Coffee Hour 2-21: Tourism & Geography in Northern Wisconsin

’Bound to Bring a Good Harvest’: Tourism and Geography in Northern Wisconsin Katrina Phillips, Macalester College Department of History Friday February 21, 3:00–4:00p, Blegen 445
This Friday's coffee hour will be presented by Katrina Phillips, Macalester College Department of History, at 3pm in 445 Blegen.  Coffee and snacks are available at 2:45. 
 
Abstract: By the early 1920s, numerous extractive industries such as fur trading, logging, quarrying, and commercial fishing were no longer economically viable in northern Wisconsin. This paper argues that the Apostle Islands Indian Pageant, staged on the Red Cliff Ojibwe reservation, was the turning point for the region’s economic interests and eventual switch to tourism as a primary economic focus. The breathtaking scenery, relative isolation, and lack of transportation options all helped and hindered the rise of tourism-driven endeavors and raised questions over conservation and development along the south shore of Lake Superior.
 
Bio: Katrina Phillips (Red Cliff Ojibwe) earned her BA and PhD in history from the University of Minnesota, and she is an assistant professor of history at Macalester College.
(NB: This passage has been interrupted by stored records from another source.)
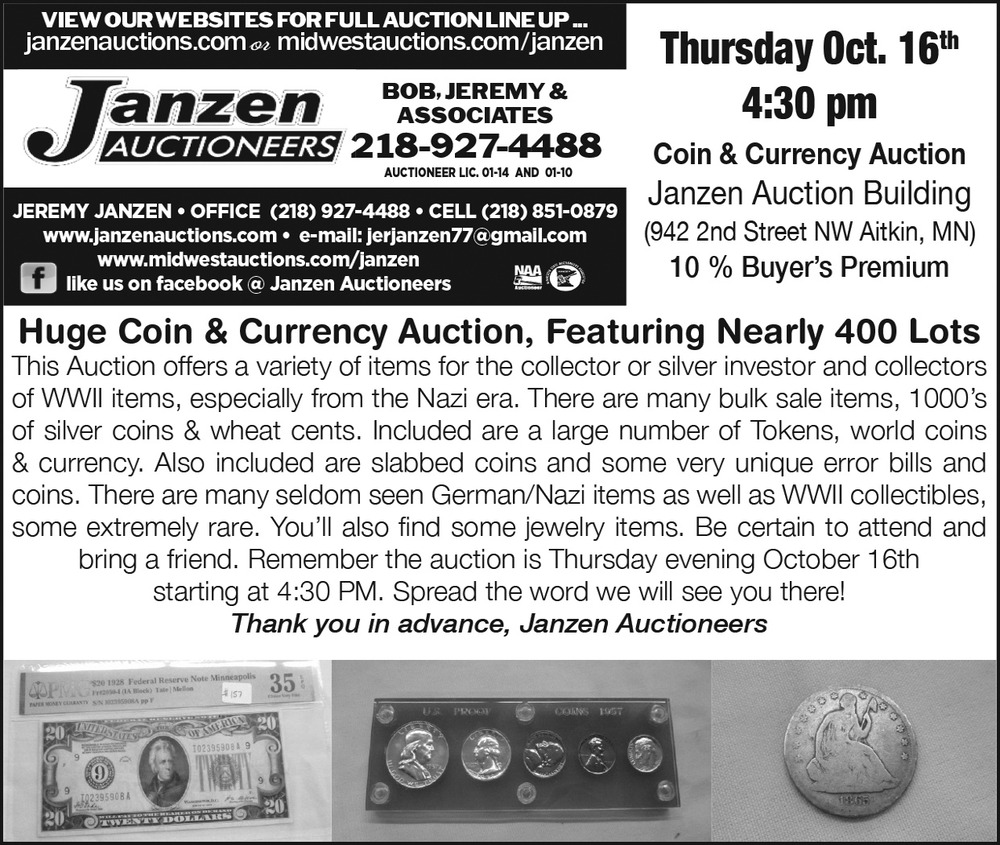 Oct 08, 2025. Janzen Auctioneers Auction Ads from Mille Lacs Messenger
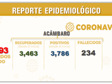 Acámbaro llega a los 234 decesos por pandemia. Guanajuato alcanza los 11,793 decesos, quince más que el día anterior. Usa CUBREBOCAS, es la mejor manera de evitar infectarte del COVID-19. […]
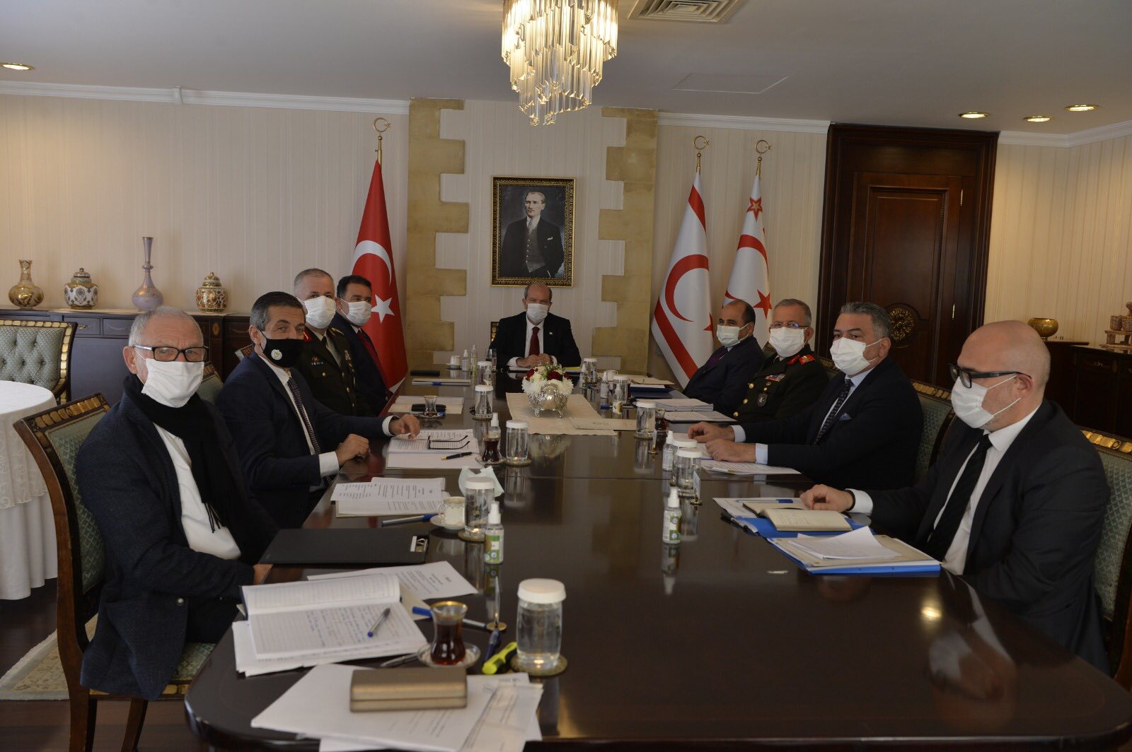 İki oturumda gerçekleşen toplantıya, Başbakan Hamza Ersan Saner, Türkiye Cumhuriyeti Lefkoşa Büyükelçisi Ali Murat Başçeri, KTBK Komutanı Tümgeneral Sezai Öztürk, Güvenlik Kuvvetleri Komutanı Tümgeneral Zorlu Topaloğlu, Dışişleri Bakanı Tahsin Ertuğruloğlu, Sağlık Bakanı Ali Pilli, Cumhurbaşkanlığı Müsteşarı Okan Donangil, Sağlık Bakanı Müsteşarı Ali Çaygür, Cumhurbaşkanı Özel Temsilcisi Ergün Olgun, Teknik Komiteler Koordinatörü Güneş Onar ve Cumhurbaşkanlığı Sağlık Özel Danışmanı Prof. Dr. Nedime Serakıncı katıldı.

Her forthcoming first book, Salvage Tourism: Performing Indigeneity in Historical Pageants and Outdoor Dramas, examines how Native history, people, and places were and continue to be used in the development of regional tourism industries in Oregon, Ohio, and North Carolina. Her second book project looks at activism, environmentalism, and tourism in northern Wisconsin, particularly on and around the Red Cliff reservation, in the twentieth and twenty-first centuries.